Nov 23, 2012 - The UK government has reached a deal on energy policy ahead of introducing the Energy Bill next week, including an agreement on the level of market support for low carbon electricity investment up to 2020, Energy and Climate Change Secretary Edward Davey announced today.
Low-carbon electricity spending under the Levy Control Framework will increase to GBP 7.6 billion (USD 12.1bn/EUR 9.4bn) in real terms in 2020/21, which equates to about GBP 9.8 billion in nominal 2020 prices, from GBP 2.35 billion in 2012/13. The envisaged support will help diversify the UK's energy mix to avoid excessive dependency on gas imports by boosting the share of renewable electricity to around 30% by 2020 from 11% currently, the government says. The investment will also back new nuclear power and carbon capture and storage commercialisation, according to the announcement.

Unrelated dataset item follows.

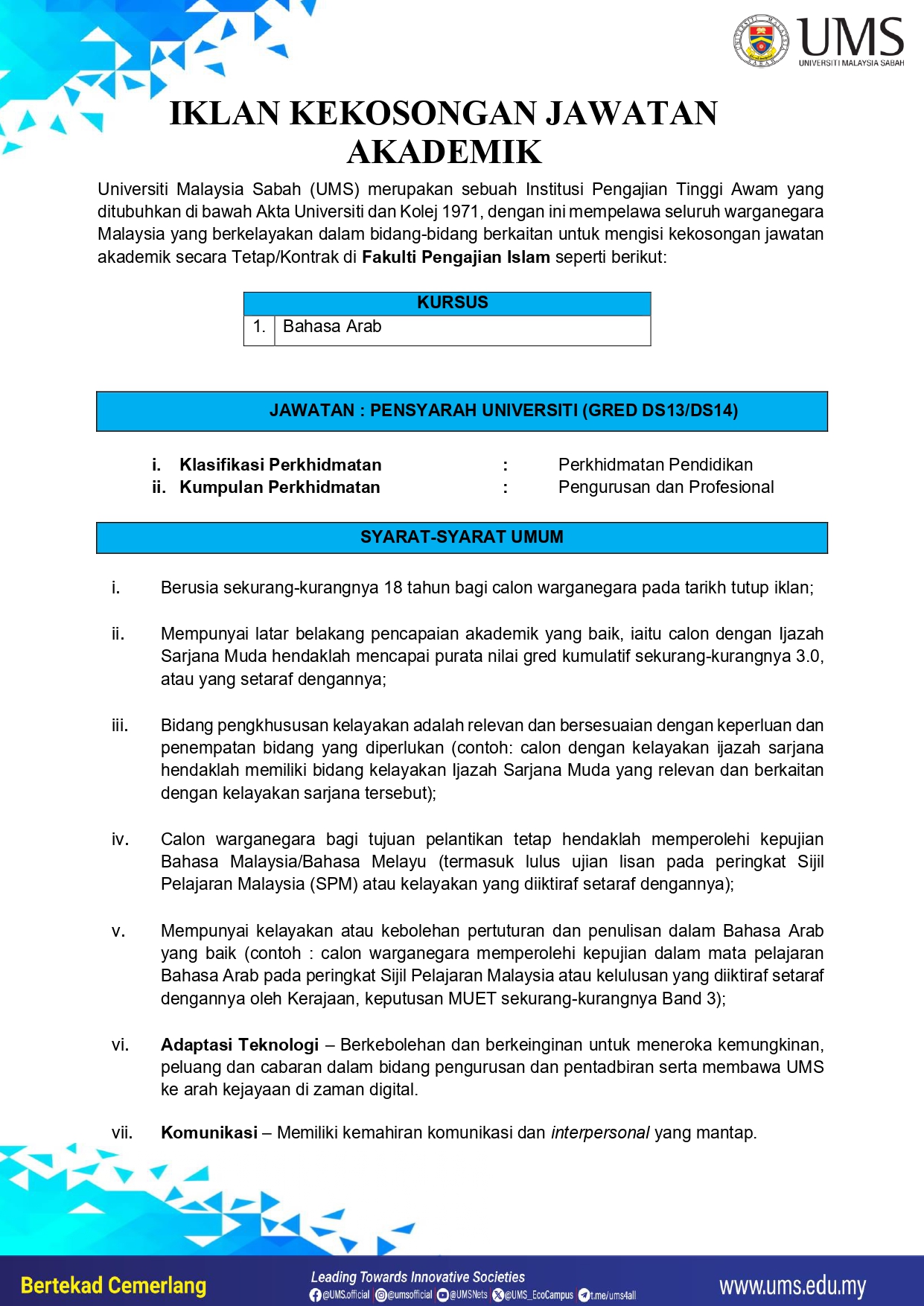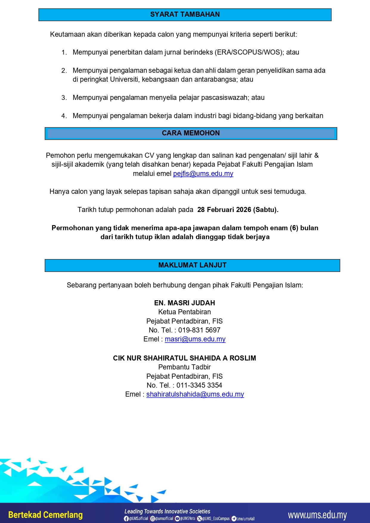 3.Sehubungan dengan itu, semua individu yang memenuhi syarat kelayakan adalah dipelawa untuk mengemukakan permohonan masing-masing bagi dipertimbangkan ke jawatan tersebut dengan melengkapkan borang permohonan melalui pautan berikut, https://registrar.utm.my/epengambilan

The government has also delayed setting a decarbonisation target range for 2030 until 2016.
Trade body RenewableUK welcomed the announcement. "The news that there is rock solid support across Government for renewable energy, and clear evidence that Treasury and the Department of Energy and Climate Change are in step, provide the industry with exactly the kind of assurances we've been calling for," the organisation's chief executive Maria McCaffery said.
Conservation charity WWF-UK, however, criticised the lack of a decarbonisation target in the bill, saying that this was "a failure of leadership."